The ITGA3-encoded protein belongs to the integrin family. Integrin is an isomeric membrane protein composed of chains and chains, which acts as a cell surface adhesion molecule. the down-regulation of ITGA3 reduces the phosphorylation of AKT, extracellular signal-regulated kinases 1 and 2 (ERK1/2), and focal adhesion kinase (FAK) in SAS cells and significantly inhibited migration of cancer cells and invasion of HNSCC cells. High expression of ITGA3 predicted poor survival in patients with HNSCC (29). Moreover, several studies have confirmed that ITGA3 is a marker of glioblastoma, pancreatic cancer, and thyroid cancer (3032).

The role of SLURP1 and CLDN10 in head and neck cancer has not been described. The protein encoded by SLURP1, a member of the Ly6/uPAR family, has anti-tumor activity (33). SLURP1 is related to the occurrence and development of pancreatic cancer. First, it can not only reduce invasion of cancer cells by controlling AKT, ERK, and NF-kB signaling, but also attenuates nicotine-mediated migration and invasion possibly through competing binding sites (34). Furthermore, mutations in SLURP1 can increase the incidence of melanoma and mucosal skin cancer (35).

Studies have shown that CLDN10 is highly expressed in thyroid papillary carcinoma, and can affect cell proliferation, migration, and invasion in vitro; further, it plays the role of a tumor promoter, and the up-regulation of CLDN10 is related to lymph node metastasis (36). In contrast, low expression of CLDN10 indicated a poor prognosis in lung cancer patients.
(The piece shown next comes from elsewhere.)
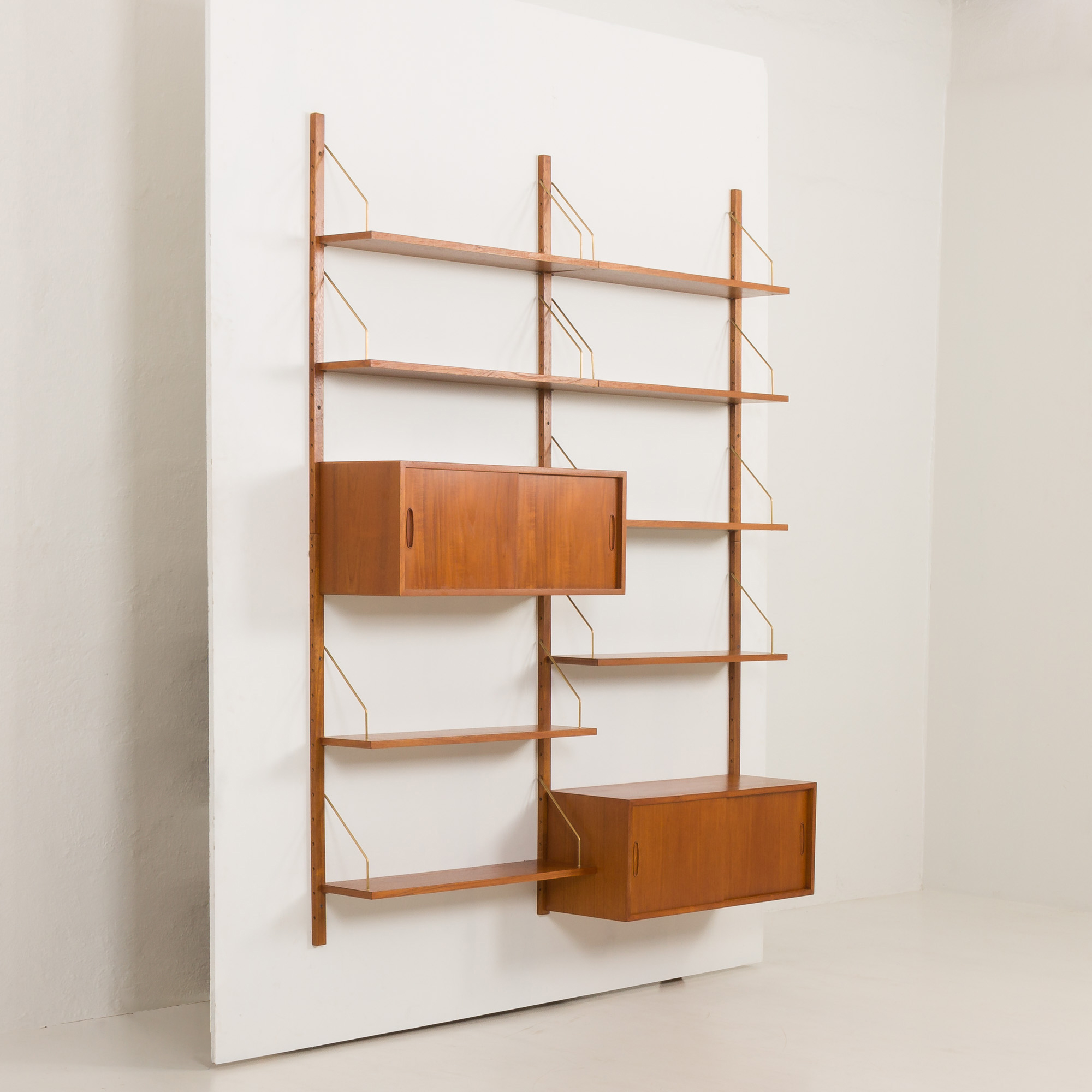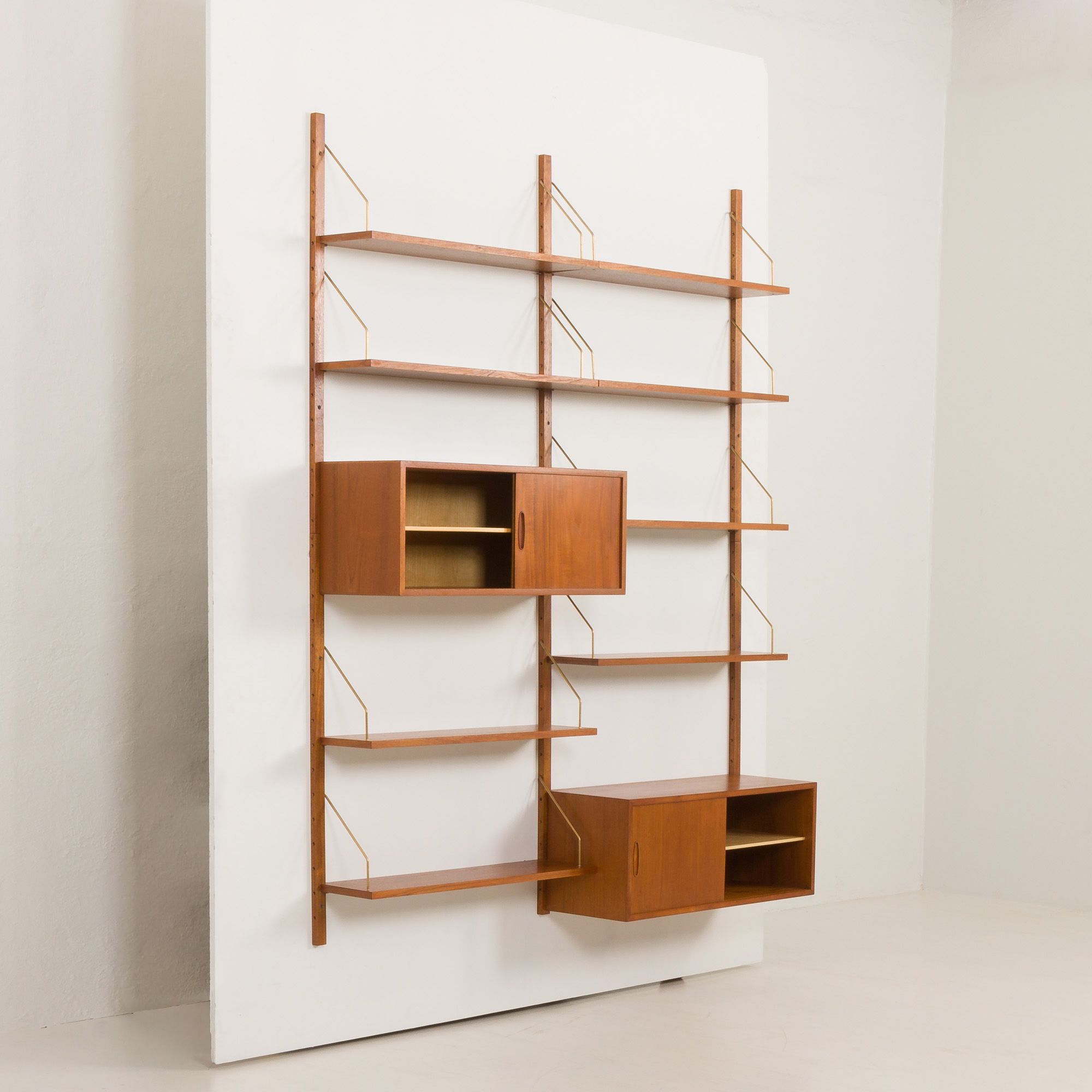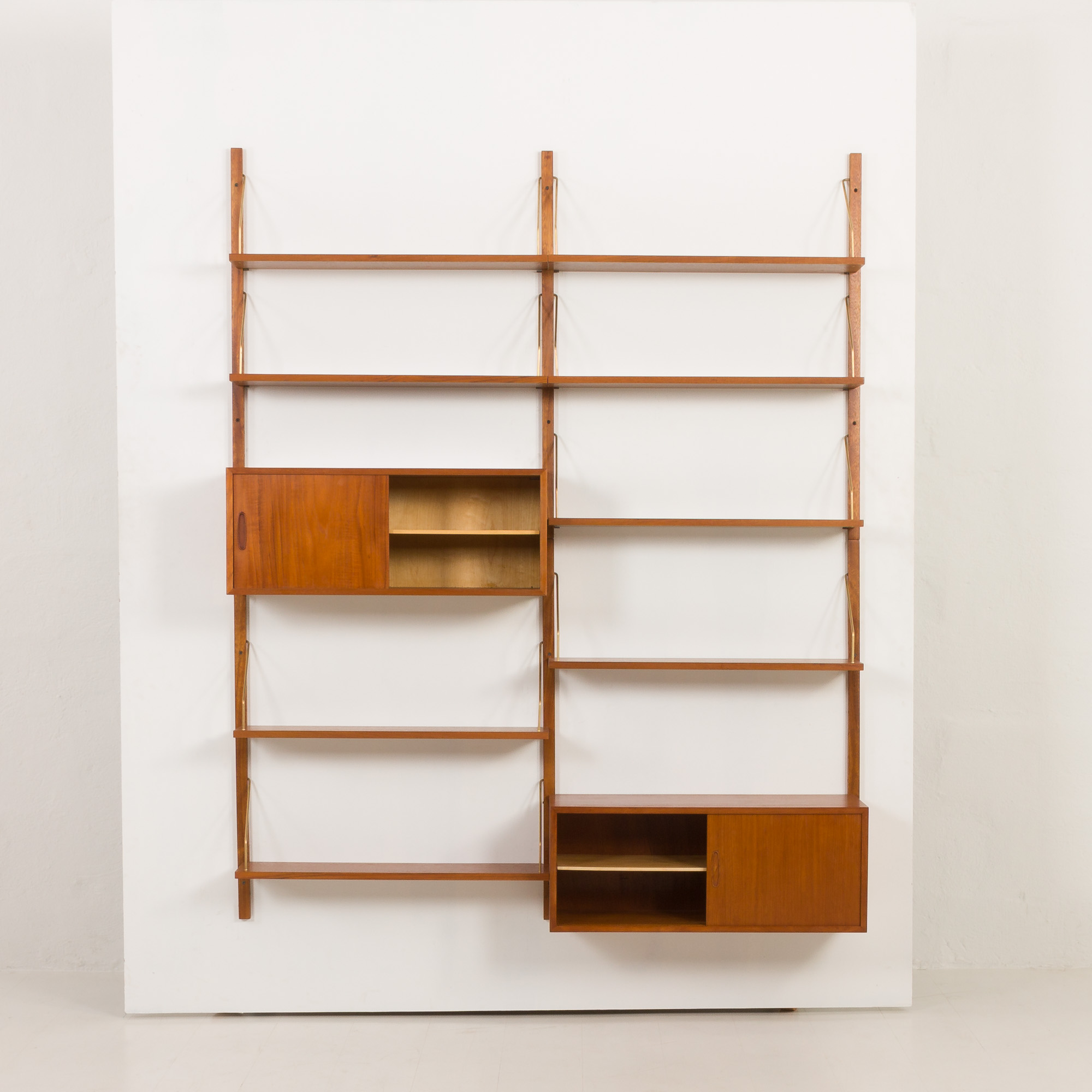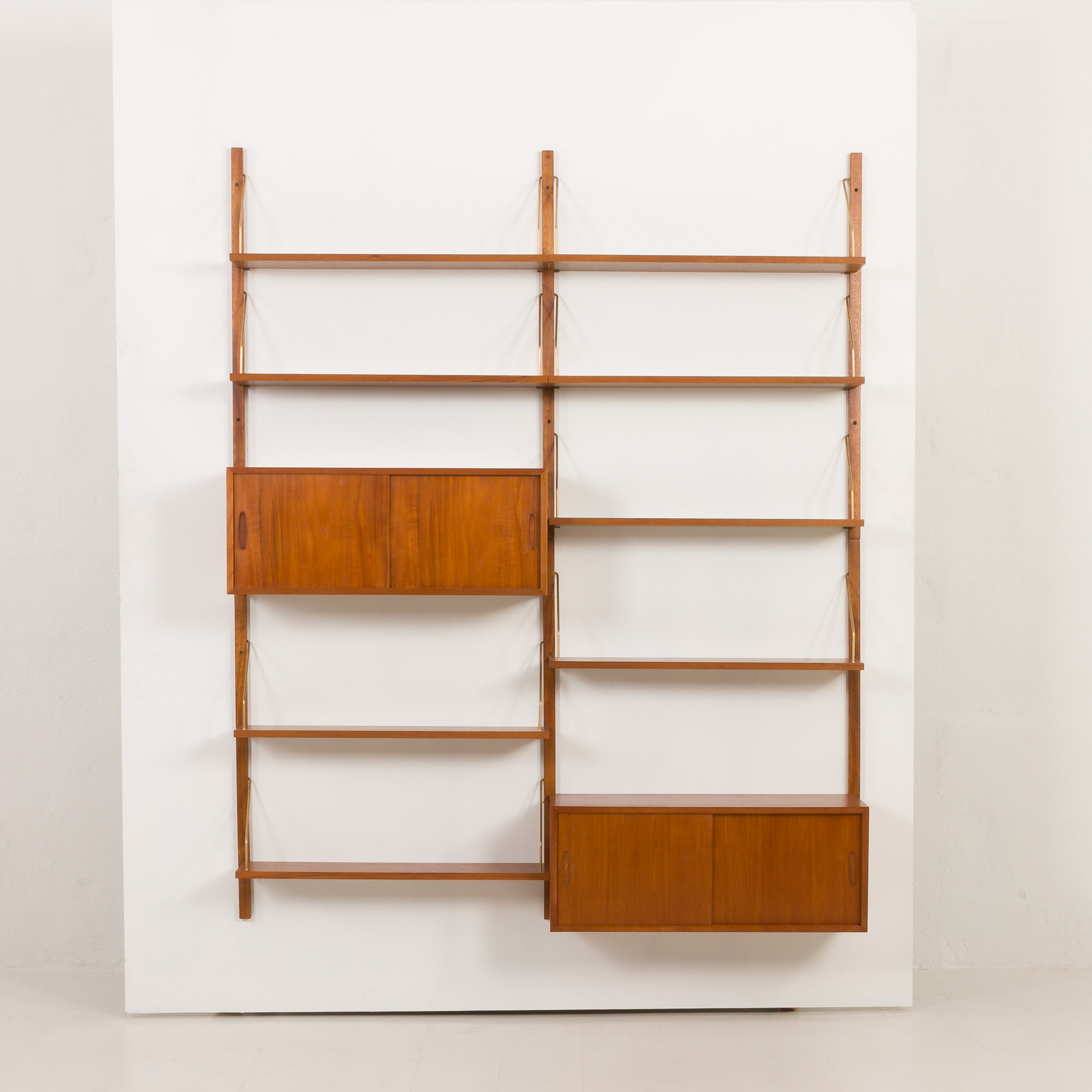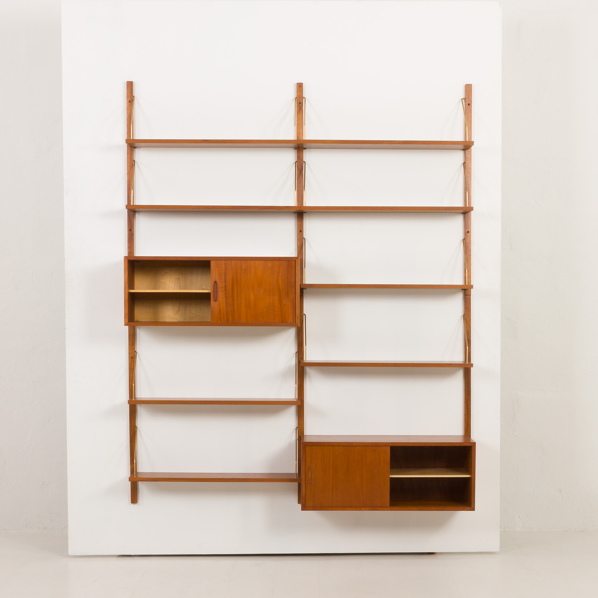 Visually appealing and extremely functional, this shelving system in teak was designed in the style of 1970s projects by Poul Cadovius for Cado.

The expression of CLDN10 was negatively correlated with the expression of c-fos. c-fos is considered a recognized oncogene, CLDN10 may control the invasion and metastasis of lung cancer cells by inhibiting the c-fos pathway (37). In our study, the down-regulation of CLDN10 was associated with poor survival rates for HNSCC, which was consistent with the latter view. The mechanism of SLURP1 and CLDN10 in head and neck tumors deserves further study.

Many studies have shown that the immune system acts to control tumor growth and progression, and the prognosis of the tumor is related to lymphocyte infiltration. As an emerging anti-tumor force, immunotherapy has shown great therapeutic potential in many cancers, HNSCC is no exception. In addition, HNSCC patients with highly infiltrated CD8 T cells have a better prognosis, especially in patients who are HPV positive (38). Our results also suggest that the infiltration levels of CD8+ T cells, B cells, neutrophils, and NK cells are lower in the high-risk group.
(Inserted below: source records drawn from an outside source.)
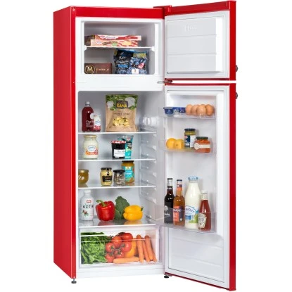 Die Respekta Kühl-/Gefrierkombination KS144 Vintage VC in Rot überzeugt vor allem durch ihre Funktionalität. Das Gerät besitzt neben einem Kühlinhalt von 171 Litern einen Nutzinhalt des Gefrierfachs von 42 Litern. Somit finden nicht nur Ihre frischen Lebensmittel und Getränke genügend Platz, sondern auch Vorräte, die tiefgefroren sind. Zusätzlicher Komfort wird durch verstellbare Füße, einen wechselseitigen Türanschlag, LED-Beleuchtung im Kühlraum oder auch dem automatischen Abtauverfahren im Kühlteil erreicht.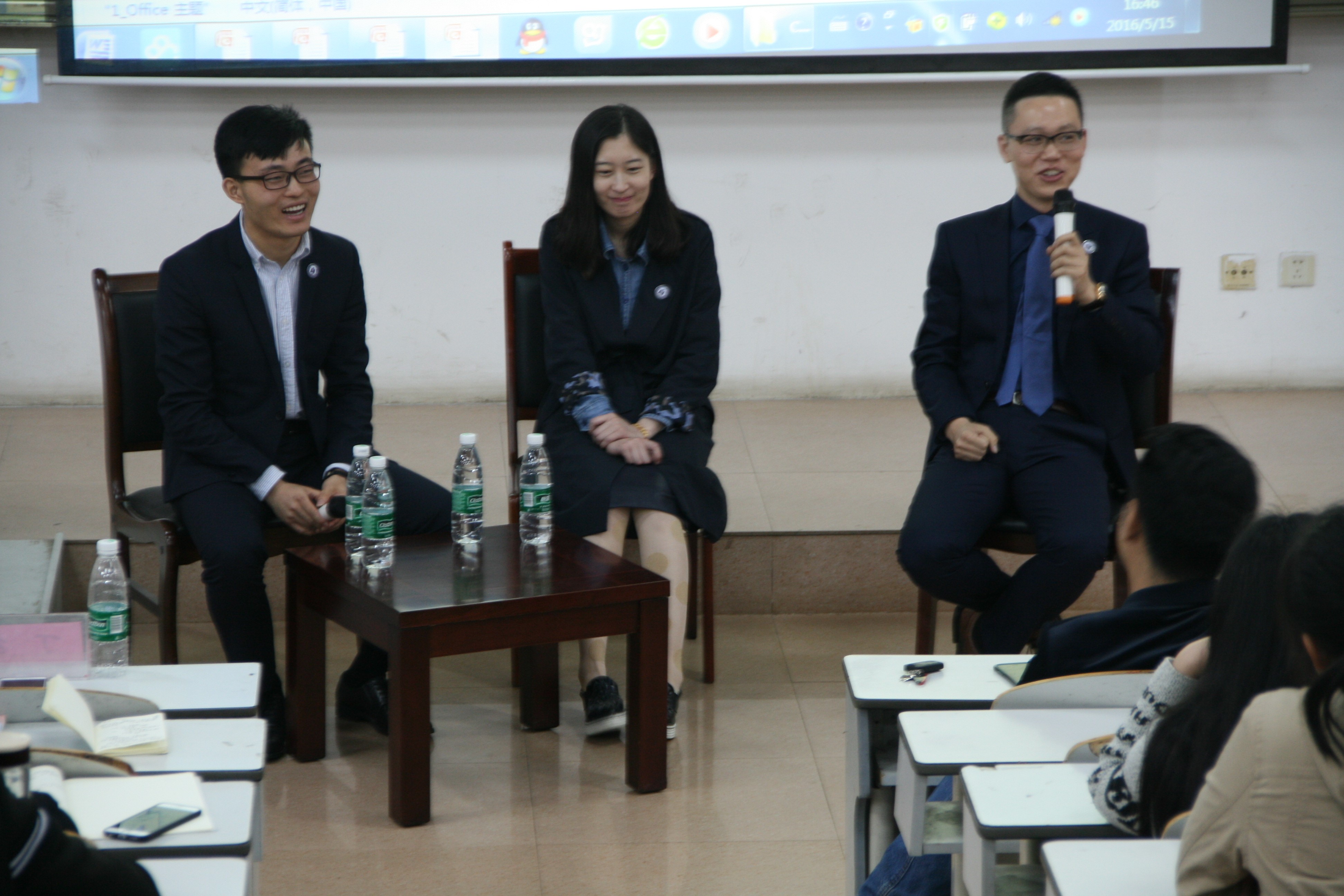 特邀请丁升、戴飞、赵广辉三位杰出校友回母校与全体同学分享他们成长、成才、成功的经验。报告会由商务英语系张涛老师主持,肉漫屋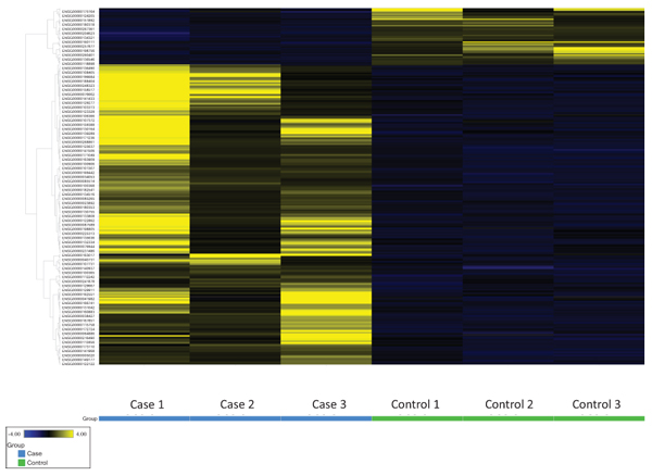 RNA-Seq yielded a total of 57,736 genes tested, and 352 genes were identified having adjusted p-values < 0.05 after excluding outliers. After filtering for a minimum read count of 5 for all cases and controls, 328 genes comprised the final differential expression signature of which 52 were downregulated and 276 were upregulated relative to controls Fig. (2). There were 44 genes with very low FDRs (< 0.0001), including 5 downregulated genes (-2.3 to -4.3 fold change) and 39 upregulated genes (+2.0 to +8.8 fold change) Table (2).

Our research has many advantages. Firstly, the number of samples was more than in previously published studies, we integrated 9 GEO data sets and TCGA data sets based on the RRA method, which obtain more reliable differential genes. Secondly, we use the Lasso analysis method to establish HNSCCSig to prevent the model from overfitting. HNSCCSig has good predictive accuracy and is verified by an external cohort. Furthermore, C-index, Calibration curves, Kaplan–Meier analysis, DCA curve were applied to assess the predictability of the prognostic nomogram. Finally, we also analyzed the relevance between prognostic gene expression and the immune microenvironment. Nonetheless, the present study also includes certain limitations. First, this study only included clinical parameters such as age, gender, grade, AJCC-staging, T staging, N staging and M staging, and because the TCGA database lacks other host-related factors and complete histopathological variables. Second, the results obtained by bioinformatics analysis alone are not sufficient and need to be confirmed by experimental verification. Therefore, further identification of prognostic biomarkers requires experimental studies with larger samples and experimental validation.

Conclusion

In conclusion, we established and validated the HNSCCSig consisting of SLURP1, SCARA5, CLDN10, MYH11, CXCL13, HLF, and ITGA3. Our results suggested that the seven genetic markers were closely related to the prognosis and progression of HNSCC, both in the training set and the validation set. A nomogram combining HNSCCSig and some clinical parameters was construct to identify high-risk HNSCC patients with poor prognosis. Notably, our research shows that the high-risk group has a low degree of immune cell infiltration, which may provide new insights into the research of hnscc's immune microenvironment.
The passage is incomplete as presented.